Monday, April 2, 2012

Futures and promises


In computer science, future, promise, and delay refer to constructs used for synchronizing in some concurrent programming languages. They describe an object that acts as a proxy for a result that is initially unknown, usually because the computation of its value is yet incomplete.
The term promise was proposed in 1976 by Daniel P. Friedman and David Wise, and Peter Hibbard called it eventual. A somewhat similar concept future was introduced in 1977 in a paper by Henry Baker and Carl Hewitt.
The terms future, promise, and delay are often used interchangeably, although some differences in usage between future and promise are treated below. Setting the value of a future is also called resolving, fulfilling, or binding it.


Use of futures may be implicit (any use of the future automatically obtains its value, as if it were an ordinary reference) or explicit (the user must call a function to obtain the value, such as the get method of java.util.concurrent.Future in Java).
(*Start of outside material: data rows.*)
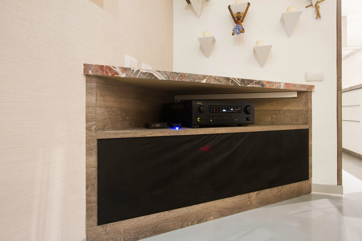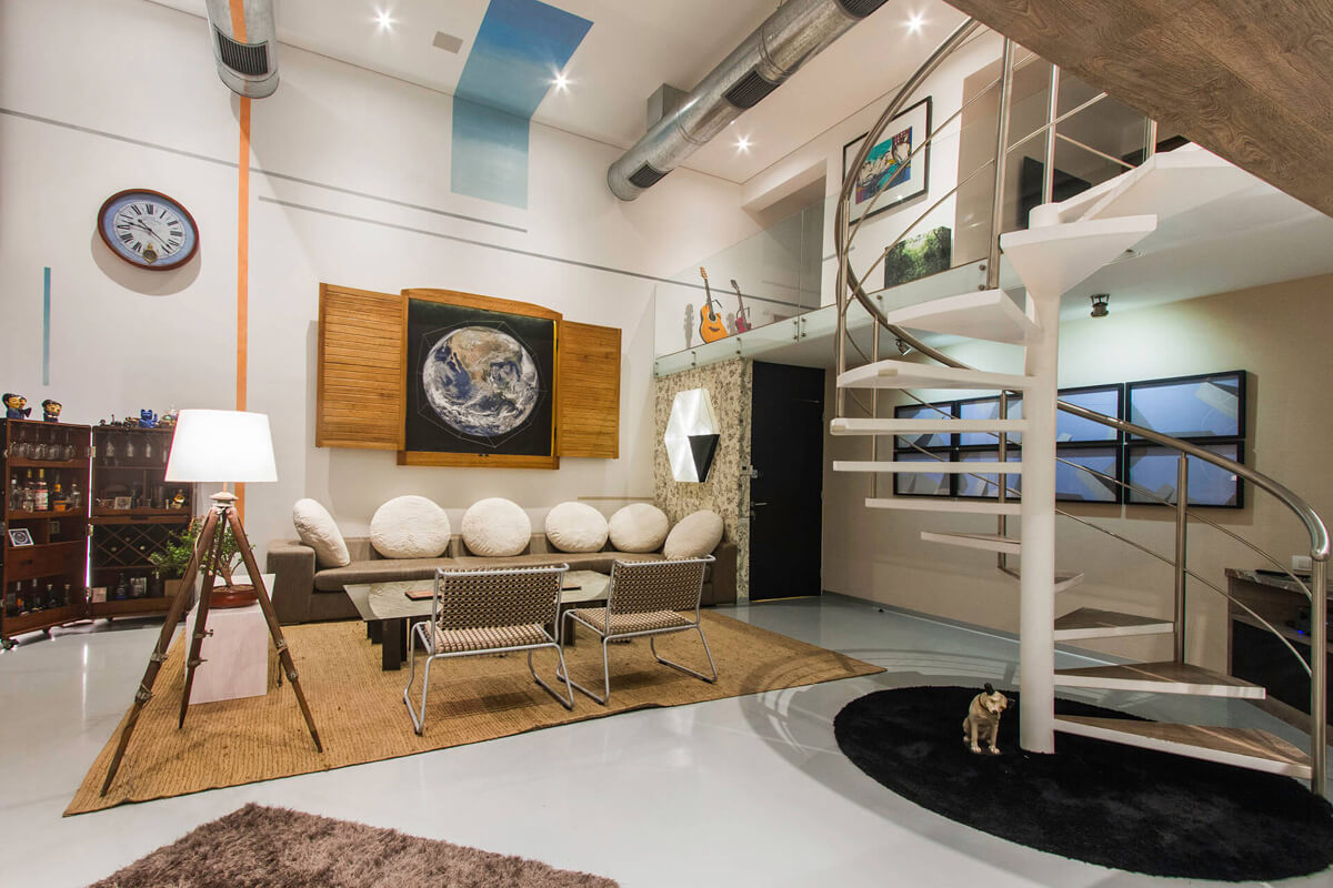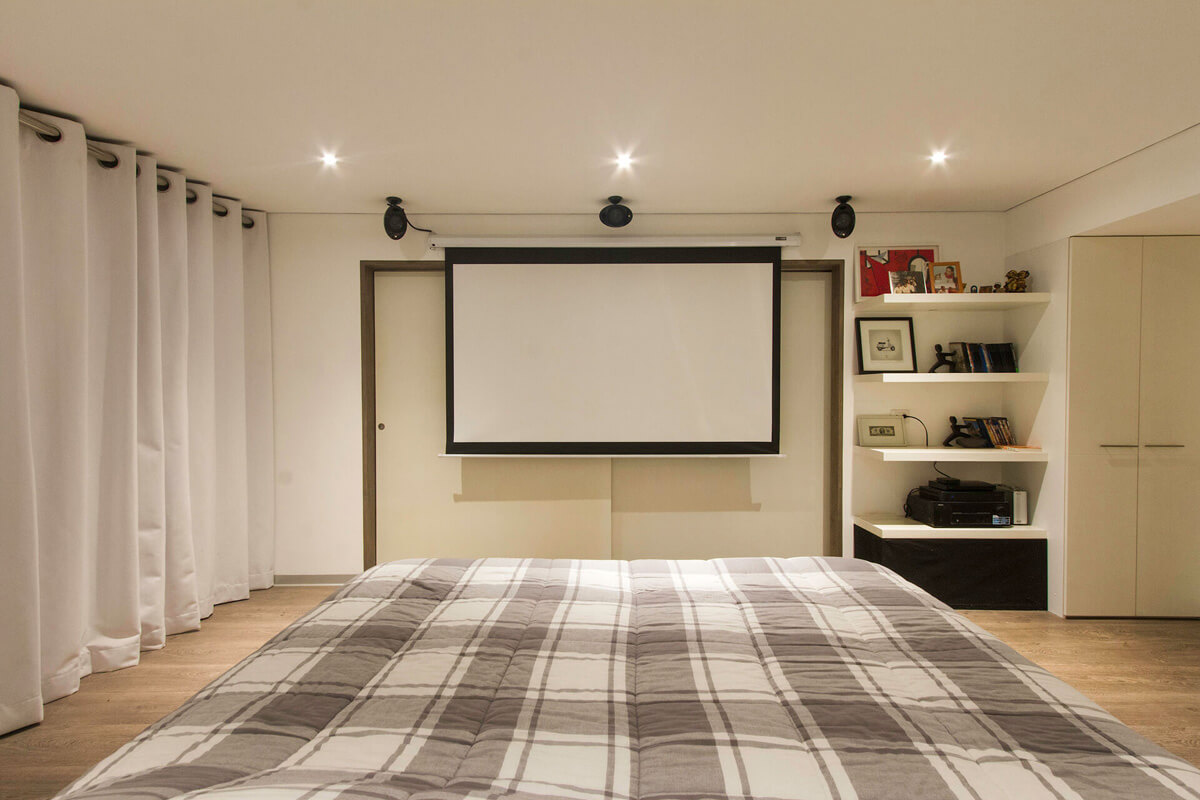 This modern loft was designed by architect and photographer Sergio Fernandez. The client sought powerful audio without sacrificing quality. Despite the challenge posed by the 7-meter-high ceilings, Fernandez was able to deliver a delightful sound experience. A home theater was constructed in the main room with a projector and a motorized screen.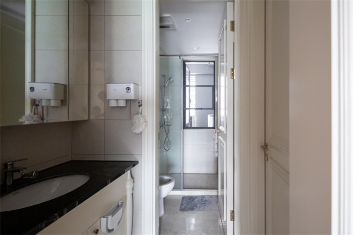 這間是在主臥處的衛(wèi)浴間,半包圍的淋浴間下方做了抬高的踢腳線,更容易散發(fā)衛(wèi)浴間的水汽。戶主想要將衛(wèi)浴柜、淋浴間有序的安排在同一空間內(nèi),所以設(shè)計師在高度、尺寸和位置方面進(jìn)行多方的測量,才最終決定這三處的位置。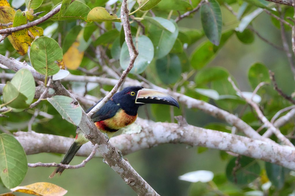 Spechte und Tukane sind geschäftig im großen Baum neben unserer Plattform unterwegs, und ein Braunhäher beäugt uns neugierig vom Geländer aus, ob es vielleicht doch etwas zum Frühstück gibt.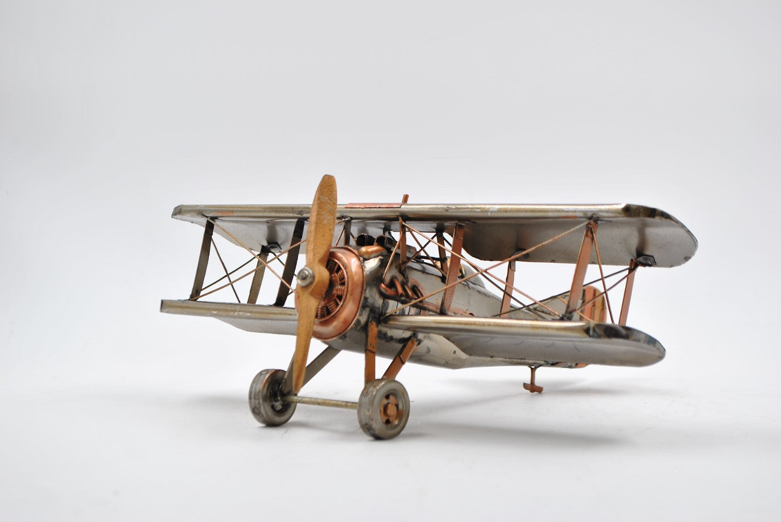 Decorate for any table, desk, or shelf in sporty fashion with Our Rustic Vintage 1917 World War I Air Plane. Featuring a rustic iron frame, this charming vintage plane includes a fine detail's. The Gold and copper metal Exterior are finished in natural colors. For more than 20 years, European Finery has been providing high quality sculpture, accessories, and decor for any room for its customers' homes. Based in New York area, We grown to become one of the largest importers and wholesalers of home decor and hand made sculptures in the country. Whether you're looking for accent Sculpture, wall decor, vintage Toys, or just about any outdoor lifestyle sculpture , We Became a proven and trustworthy name that has become synonymous with superiority.2. Overall measurement (approx. H X W) : 5 x 11 Inches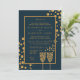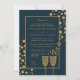 Gold Champagne Bubbles - Blue & Gold - Wedding Invitation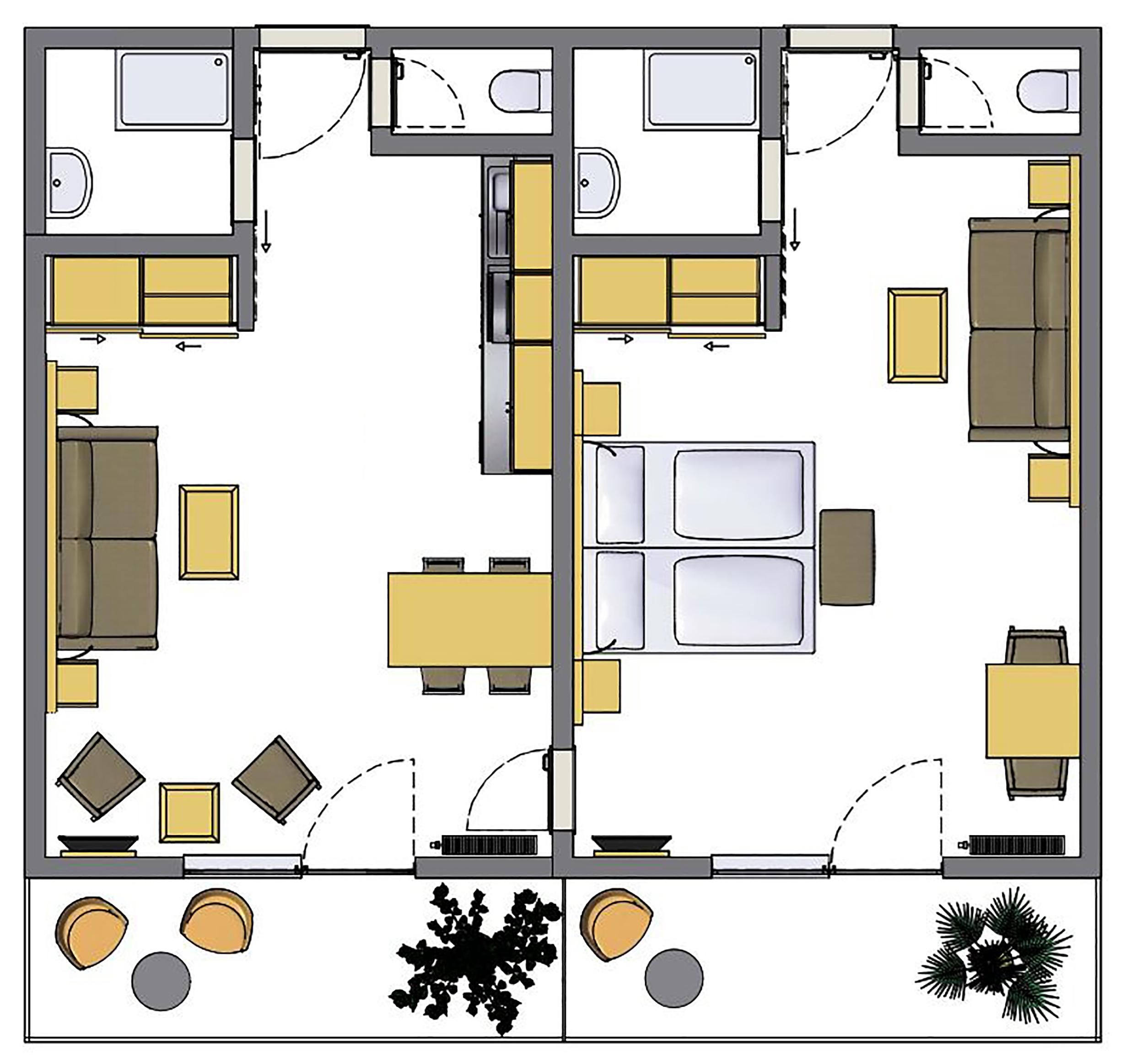 Große, sonnige Ferienwohnung, 60 m² bestehend aus zwei sonnendurfluteten, hellen Zimmern, neu renoviert, 1 Zimmer mit Küchenzeile und Doppelbett, 1 Zimmer mit Doppelbett und Sitzecke, TV, Telefon, 2 x Südbalkon, 2 x Bad, 2 x WC, Küche mit Backofen, Mikrowelle, Kaffeemaschine, Gästewaschmaschine und -Trockner vorhanden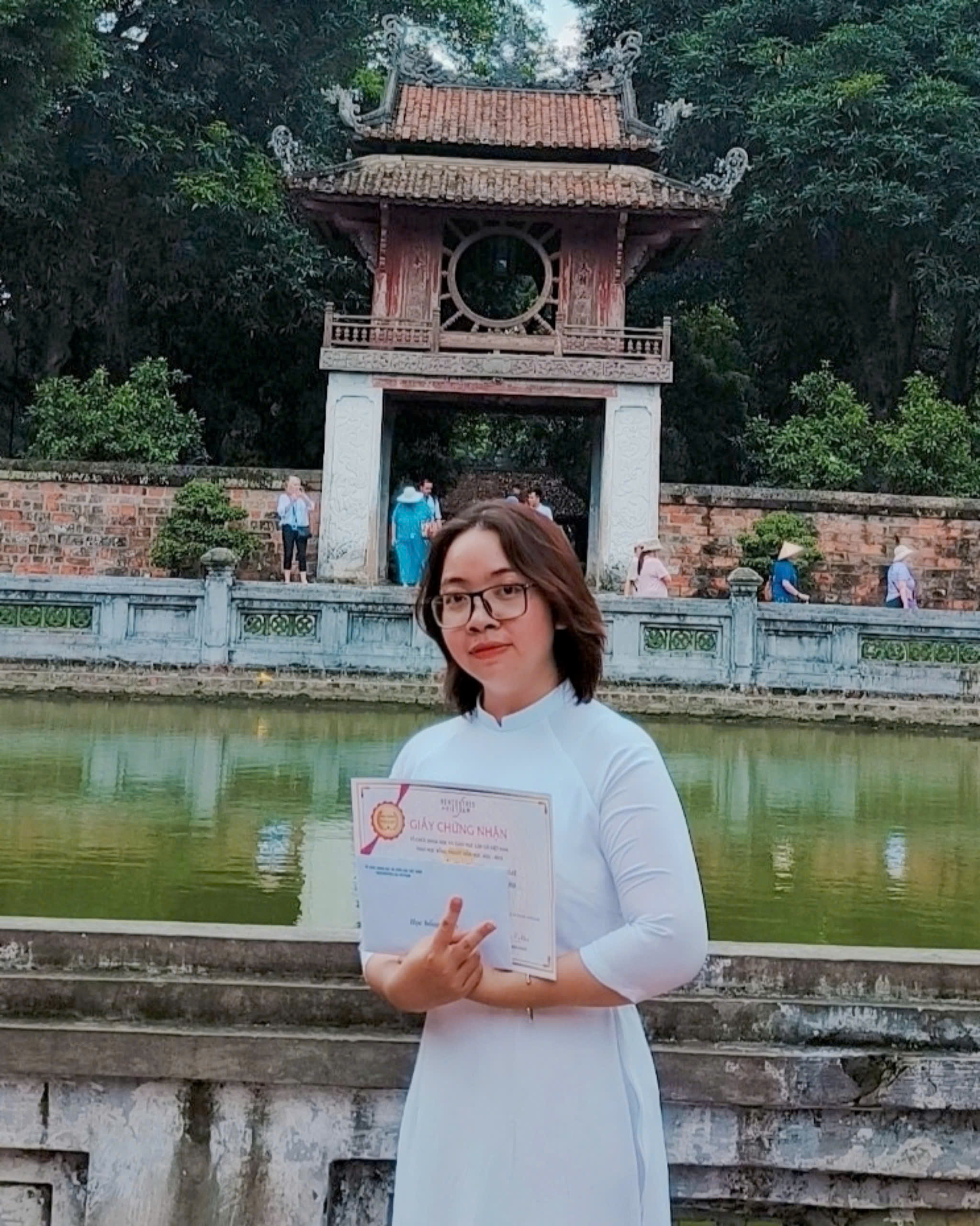 Sinh viên Thu Phương nhận giải thưởng Nữ sinh cùng những người bạn đồng hành
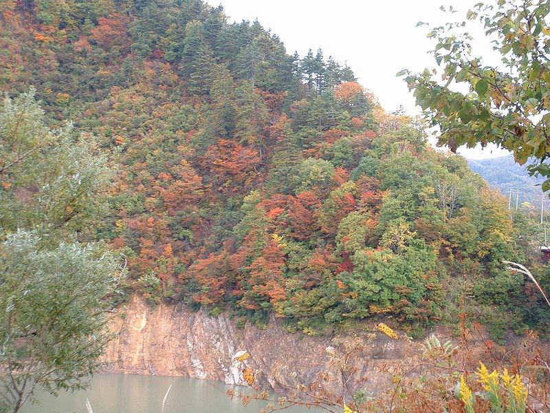 間欠泉の途中白川ダムの紅葉です。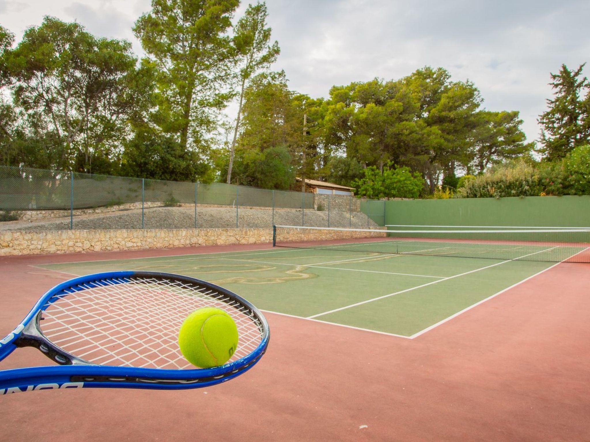 In dem weitläufigen Garten (5000 m2) mit vielen schönen Bäumen und blühenden Pflanzen befindet sich ein privater Tennisplatz (Schläger und Bälle sind selbst mitzubringen). Der Tennisplatz und das Schwimmbad sind direkt neben dem Haus, so dass Sie einen Blick auf alles haben. Im Garten gibt es viele Palmen, Oliven- und Zitronenbäume.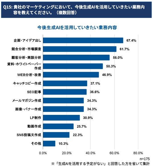 情報通信業やサービス業では、多くの企業がAIを日常的に活用していることが判明しました。特に、情報通信業では「毎日活用」している企業の割合が、他の業種を大きく上回っており、製造業の2倍以上という結果が出ています。先行企業は、コンテンツ作成といった実行フェーズだけでなく、今後AIを活用したい業務として、「企画・アイデア出し」(67.4%) や 「競合分析・市場調査」(61.7%) が上位を占めています。これは、多くの企業がAIを単なる作業ツールから、より創造的・戦略的なパートナーとして捉え始めていることを示唆しています。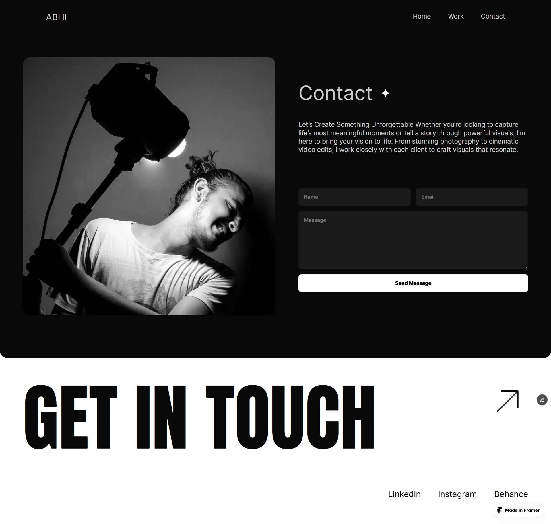 Built a sleek Framer portfolio for photographer & brand designer. Modern design showcases multi-disciplinary skills, boosting client trust & inquiries.

Obtaining the value of an explicit future can be called stinging or forcing. Explicit futures may be implemented as a library, whereas implicit futures need language support.
The original Baker and Hewitt paper described implicit futures, which are naturally supported in the Actor model of computation and pure object-oriented programming languages like Smalltalk. The Friedman and Wise paper described only explicit futures, probably reflecting the difficulty of efficiently implementing implicit futures on stock hardware. The difficulty is that stock hardware does not deal with futures for primitive data types like integers. For example, an add instruction does not know how to deal with 3 + future factorial(100000). In pure object or Actor languages this problem can be solved by sending future factorial(100000) the message +, which asks the future to add 3 to itself and return the result. Note that the message passing approach works regardless of when factorial(100000) finishes computation and that no stinging/forcing is needed.